The Obama exchanges already are favorable to the elderly, and the poor elderly would be further subsidized by income-related handouts.

Medicare already is means-tested and will become more so, and a private option can only become more appealing in the future as traditional Medicare is starved for funding.

OK, the way ahead is murky, but doesn't this political correlation suggest an inevitable conversion of Medicare for most users into a partly subsidized private option—subsidized rationally according to financial need rather than a general handout to everybody in Warren Buffett's age group?

Yet another large and idiotic subsidy in our health-care system is the $248 billion a year handout for employer-provided insurance. Already a few employers are discontinuing insurance for low-wage workers and sending them to the ObamaCare exchanges, which turns out to be a better deal for employees.

Hooray. If this trend continues, it will politically expose the existing handout as a favor mostly to those in the highest brackets. Eventually we might get rid of this grotesquely regressive subsidy in favor a system that focuses its handouts on the poor. Along the way, job-bound insurance could be tossed in favor of portable individual insurance. Yippee!

ObamaCare, as we've been saying for three years, is not the end of health-care reform. It can't be. It leaves in place too many perversities and adds too many new ones to assuage America's discontent with its health-care payment system.
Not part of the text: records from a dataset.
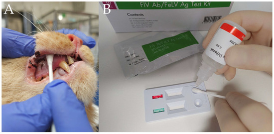 (A) Cotton tip placement against the buccal mucosa for saliva collection. (B) The cotton tip was positioned directly on the sample well of the Anigen Rapid® FIV kit and test buffer was applied while the cotton swab was gently rotated. The result was read 10 min later by two observers.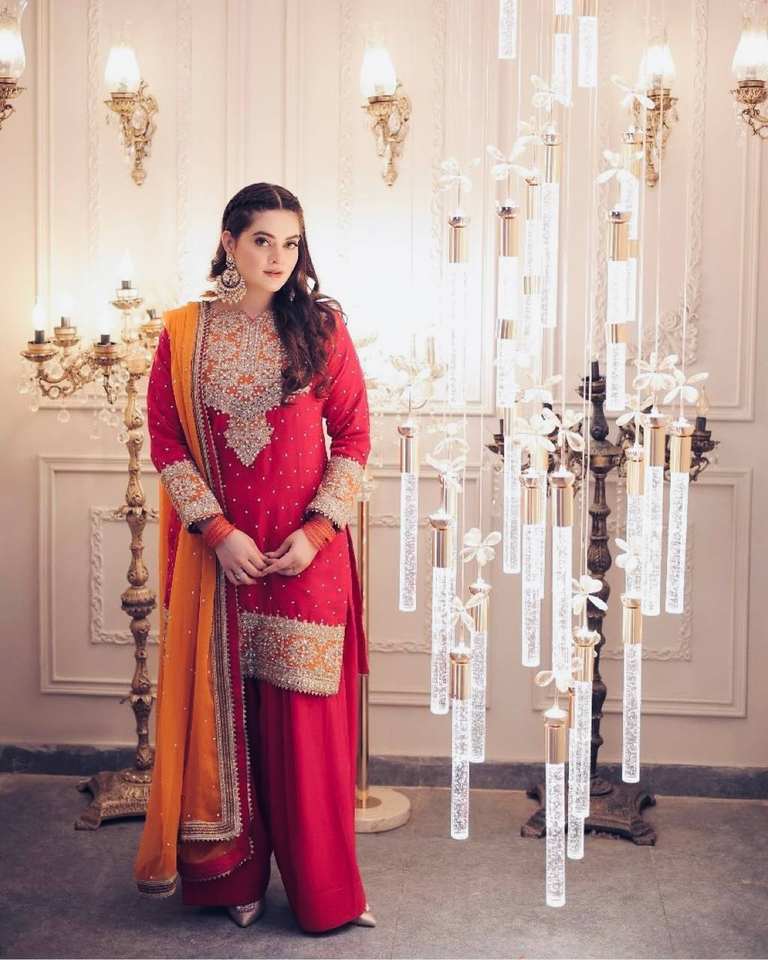 ชุดชาราร่าและผ้าคลุมไหล่สำเร็จรูปสำหรับงานแต่งงานและงานเลี้ยง ดีไซน์หรูหราสไตล์อินเดีย ผ้าไหมชิโนน ลวดลายทันสมัย ชุดพื้นเมืองสุดพิเศษ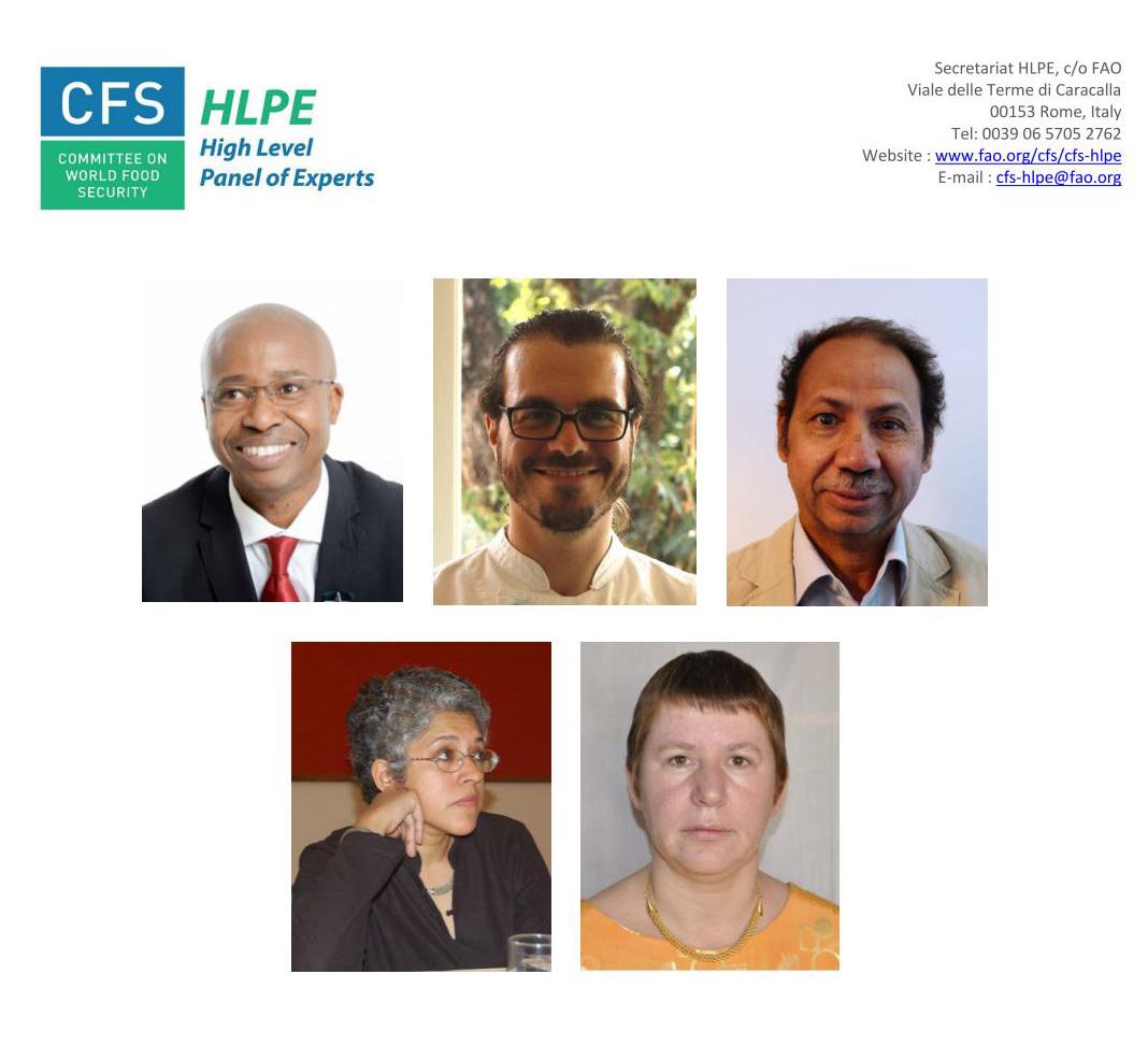 The HLPE Steering Committee announces the appointment of the following 5 experts to carry out the studythat will feed into the CFS debates at its 45th session in 2018:
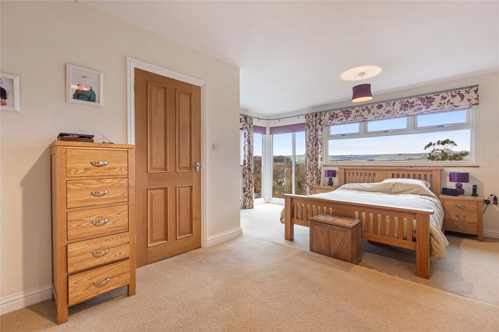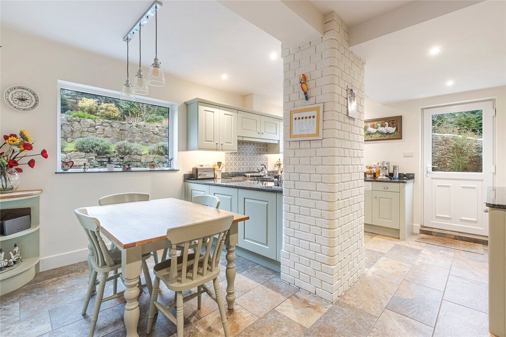 The house has been much improved and extended in recent years and is entered via a lovely sun room which leads into the hallway and the living room which has superb views over the village and is lovely and light with large picture windows and a wood burner. On the other side of the hallway is a good size dining room which will comfortably sit eight. At the rear of the house is a recently refitted utility room (2023) with New Boiler and separate guest WC. The kitchen breakfast room was also completely refurbished in 2021 complete with an electric AGA creating a lovely bright country kitchen. Upstairs the principal bedroom again enjoys fantastic views with floor to ceiling windows a beautifully presented en suite bathroom with under floor heating. There are three further double bedrooms a family shower room and en suite shower room.

Lapel buttons were not in evidence at this year's state of the union. Maybe Republicans are smart enough to see that ObamaCare supplies not just the vehicle but the political opportunity to move toward a more competitive, market-oriented health-care system. Such a system would actually reserve its market-distorting subsidies for the needy. Isn't this what GOPers should be championing?

Koshcat said...

Just for clarity, Mr. Jenkins' article started after the word "incremental".